Lummis 1:  Opens the door to dangerous rollbacks of protections regarding the licensure of commercial drivers. 

  • One of the critical components to enhancing safety of CMV operations on our nation’s highways is to ensure that only safe drivers operate CMVs.  Over the past three decades, Congress has enacted laws establishing uniform standards for every state to follow when issuing a commercial driver’s license (CDL).  It is essential that the testing of candidates for CDLs ensures that only those individuals who have acquired the requisite skills needed to safely operate a CMV are given a license to do so.
  • Waiving the requirement that a CDL holder be physically present in the front seat next to a commercial learner’s permit (CLP) holder removes an essential component of skills development and supervision for this category of novice driver.  Allowing the CLP holder to drive without adequate supervision of the CDL holder wholly undermines the intent of the CLP.  It would not only put the novice driver in danger, but similarly poses a threat to all other road users.  The presence of a CDL holder in the passenger seat supervising the CLP holder is critical to ensure that the CLP holder is operating the CMV safely.

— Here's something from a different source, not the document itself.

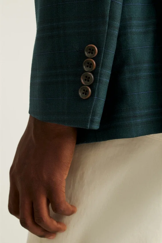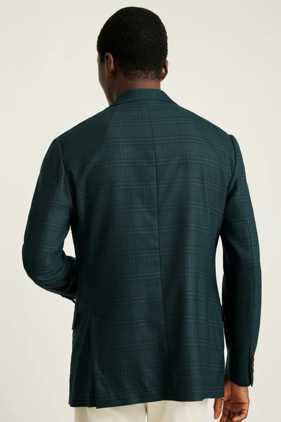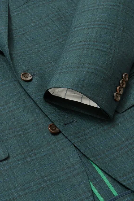 Jacket Features Modern 2-½” Lapels | Double-Button, Double-Vented with Contrast Piping and Non-Functioning Button Cuffs | Lined Only at Sleeves
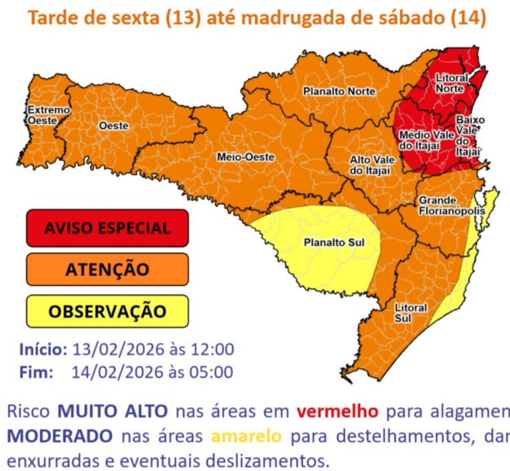 A orientação é que moradores do Sul de Santa Catarina redobrem a atenção, especialmente em áreas historicamente afetadas por enxurradas e deslizamentos.

  • Could result in skills test “shopping” by waiving the requirement that a state may only administer the skills test to an out-of-state student that has received training in the state.  CDL applicants would be allowed to choose any state in which to test, including those that could be believed or demonstrated to be “easier” or less stringent.

Truck crashes continue to occur at an astonishingly high rate.  The complex issues facing our nation’s supply chain will not be solved by advancing reckless proposals that imperil truck drivers and the public.